After five years of treatment with psychotropic drugs, therapists and doctors decide that Eddie Mosley no longer needs hospitalization. On Feb. 1, 1979, he is transferred to South Florida State Hospital in Pembroke Pines, where, according to a staff psychiatrist, Eddie "demonstrated exceptional behavior."

Five months later Eddie is discharged, with the understanding that he will continue to take his medication and keep monthly appointments at the Henderson Mental Health Clinic in southwest Fort Lauderdale.

And that's when the bodies start popping up again.

During the next three months, four young black women are raped and strangled within walking distance of Eddie Mosley's home in northwest Fort Lauderdale.

All four deaths are charged to Jerry Frank Townsend after he begins his litany of confessions. "Everybody thought that was it, that they had their man when they tagged Townsend," Evans recalls.

"All I could say was that if you're right, the bodies will cease to come. If you're wrong, they'll keep turning up."

Townsend is arrested in September, but the killing doesn't stop. During the next four months, three more bodies of young black women are found in vacant lots near Eddie's home, victims of rape and strangulation. One of the victims, Arnette Tukes, is the cousin of detective Doug Evans.

Investigators are told of Eddie's criminal history, and attempt to question him.
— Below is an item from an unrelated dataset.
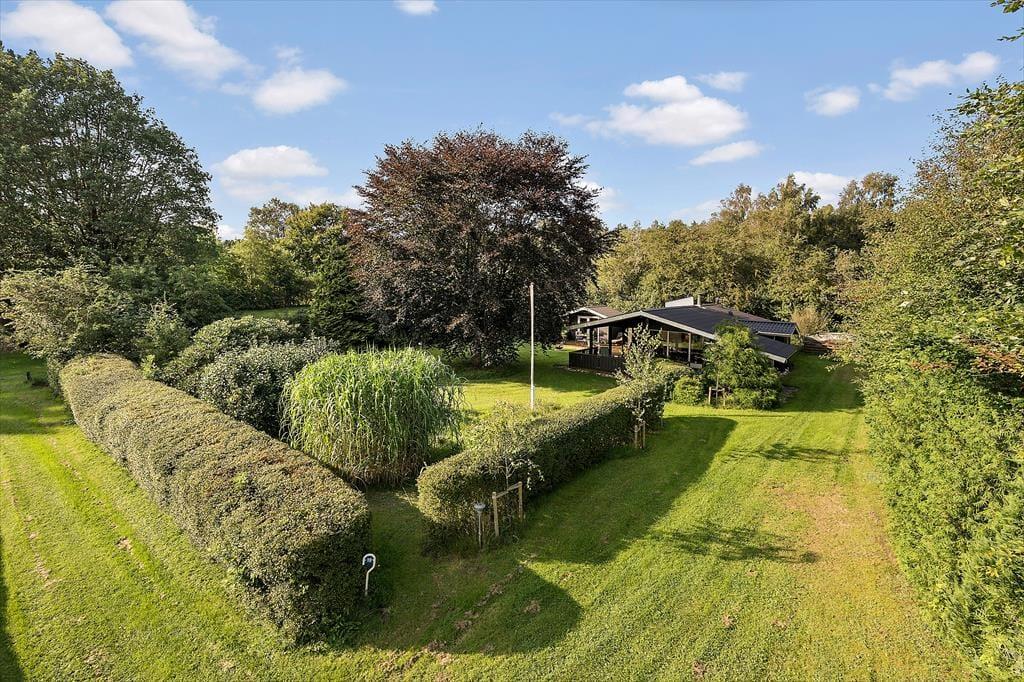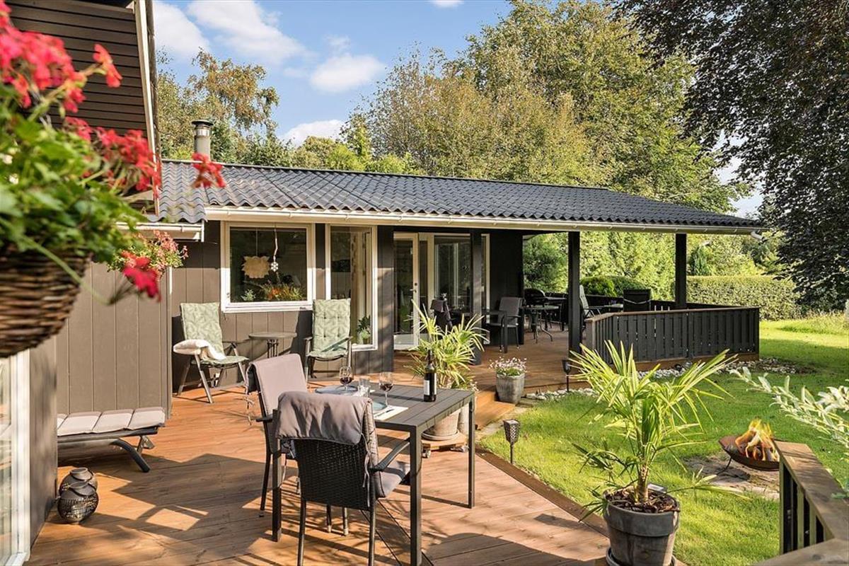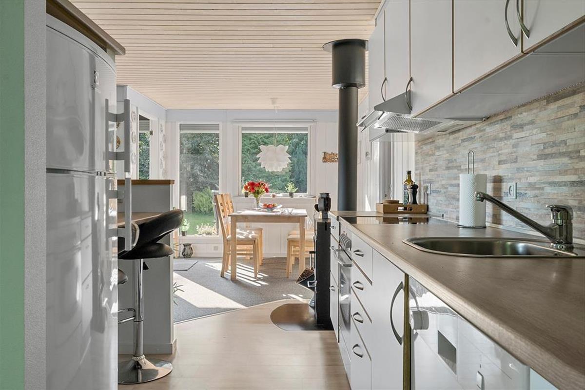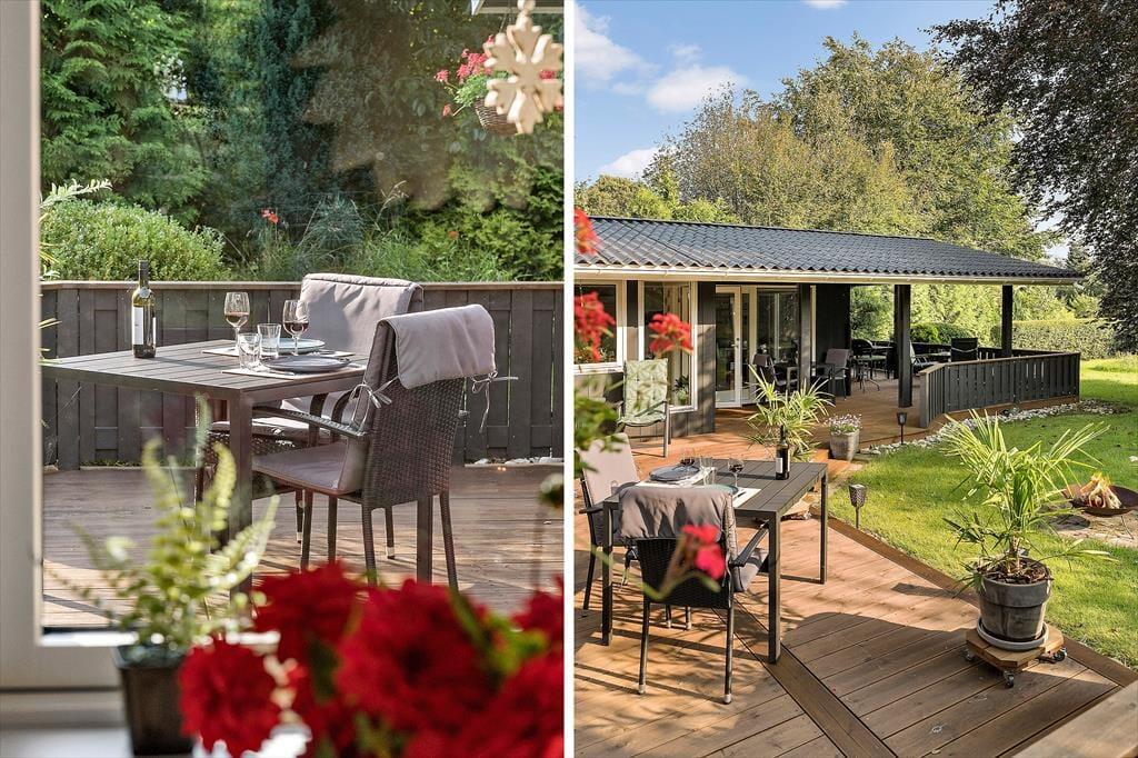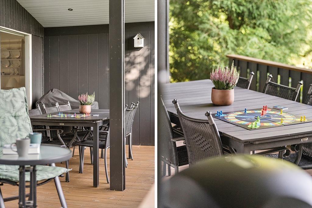 Das Grundstück des Hauses ist mit 1.201 m² recht groß und liegt ruhig am Ende der kleinen Seitenstraße Fjordparken. Wenn Sie Gartenspiele spielen möchten, können Sie sich auf dem Rasen austoben, und ansonsten finden Sie viel Platz auf der 72 m² großen Holzterrasse, die sowohl offene als auch überdachte Bereiche bietet.

But Eddie's family refuses to let him talk, and soon after they send him to Lakeland to stay with his grandfather.

Within weeks of his arrival, two black women disappear in his grandfather's neighborhood. No bodies are found, but Lakeland police interview neighbors who say they saw a man fitting Eddie's description chasing a black woman down the street. She was screaming for help.

After being questioned by police, his grandfather sends Eddie back to Fort Lauderdale.

Months later in Lakeland, the skeletons of Ida Ingles and Letha Mae Williams are found in empty fields. They have been raped and strangled. The time of their deaths coincides with Eddie's visit.

"Ain't no way in hell, if the investigations had been carried out the way they should have been, Eddie would have been walking the streets," Doug Evans says. "Bodies were falling like flies in 1979. If this had happened in a white, middle-class neighborhood, Eddie would have been history after two murders."

Former Fort Lauderdale Police Chief Ron Cochran's assessment of the investigation is less critical.

"I'm sure Leo Callahan (Fort Lauderdale police chief from 1973 to 1983) and I both look back and wish we'd done something different that would have changed the outcome," says Cochran, who was police chief from 1983 to 1987. "It's possible that some of those homicide cases were handled in a different way because of who they were and where they occurred, but I don't think it was done consciously.

"I have to hand it to Doug, he was right about Mosley, and a great deal of attention was finally paid to the case. We tried to put Eddie away, but those times we were successful, he didn't stay away."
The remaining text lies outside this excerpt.